Please copy, exactly as written, the span from the first line below to the line that contains "Ngành tài chính", including both, and skip the pictures.

Dataset content →

= Beginning of Section =

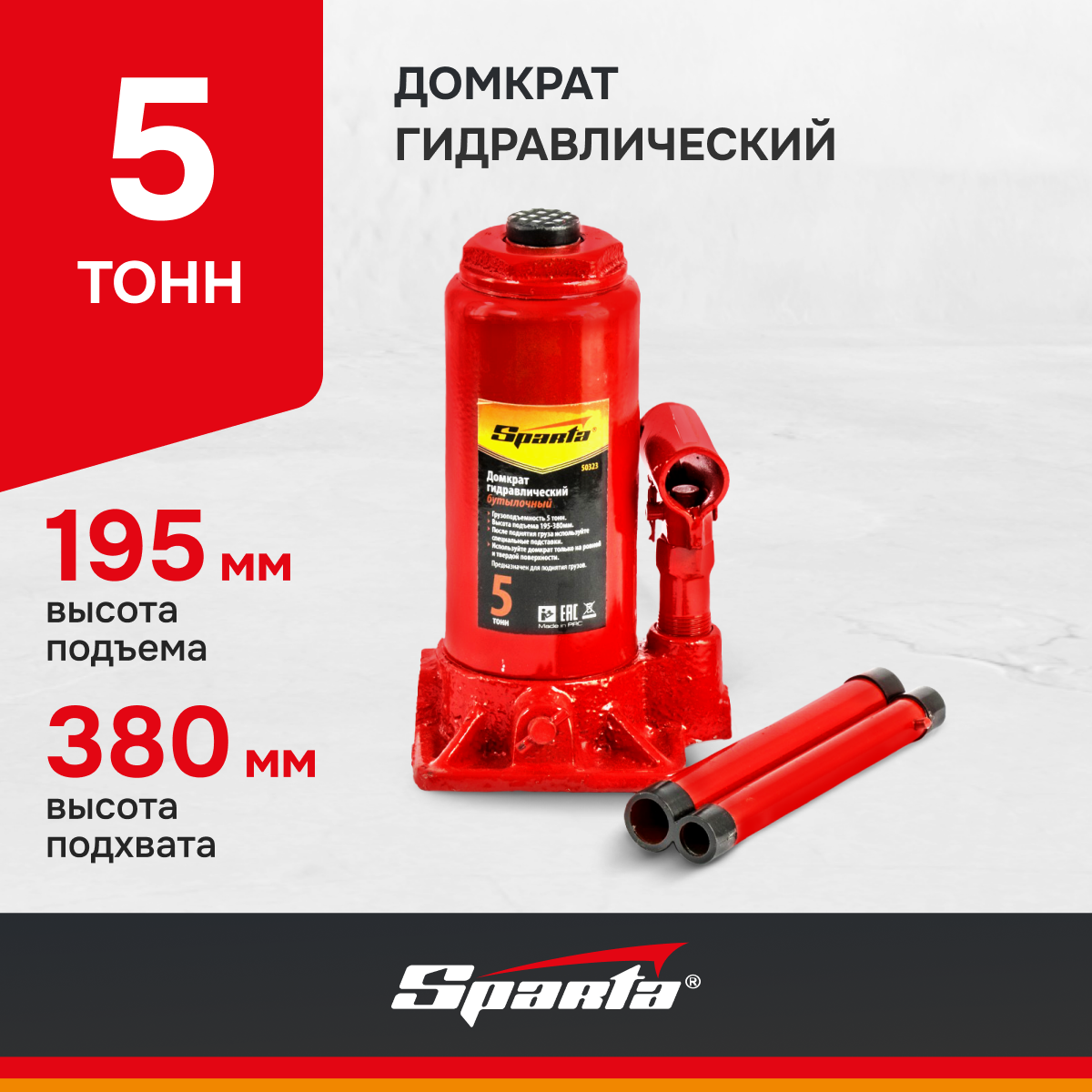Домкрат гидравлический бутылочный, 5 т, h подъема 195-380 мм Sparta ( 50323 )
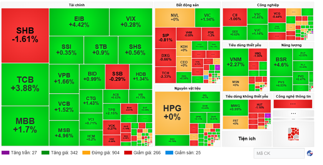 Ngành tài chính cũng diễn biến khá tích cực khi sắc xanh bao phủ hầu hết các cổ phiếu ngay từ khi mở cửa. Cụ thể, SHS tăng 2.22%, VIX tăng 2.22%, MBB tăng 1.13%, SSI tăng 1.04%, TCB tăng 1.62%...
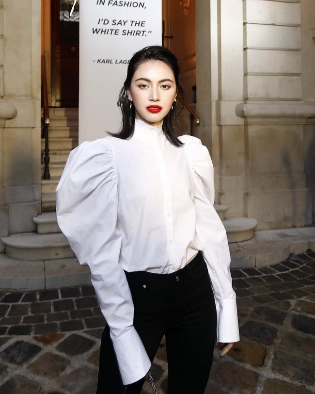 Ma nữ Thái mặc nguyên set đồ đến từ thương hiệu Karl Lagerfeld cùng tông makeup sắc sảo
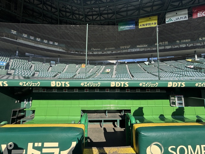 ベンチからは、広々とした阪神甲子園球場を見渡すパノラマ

= End of Section =

Solution to this exercise →
Домкрат гидравлический бутылочный, 5 т, h подъема 195-380 мм Sparta ( 50323 )
 Ngành tài chính cũng diễn biến khá tích cực khi sắc xanh bao phủ hầu hết các cổ phiếu ngay từ khi mở cửa. Cụ thể, SHS tăng 2.22%, VIX tăng 2.22%, MBB tăng 1.13%, SSI tăng 1.04%, TCB tăng 1.62%...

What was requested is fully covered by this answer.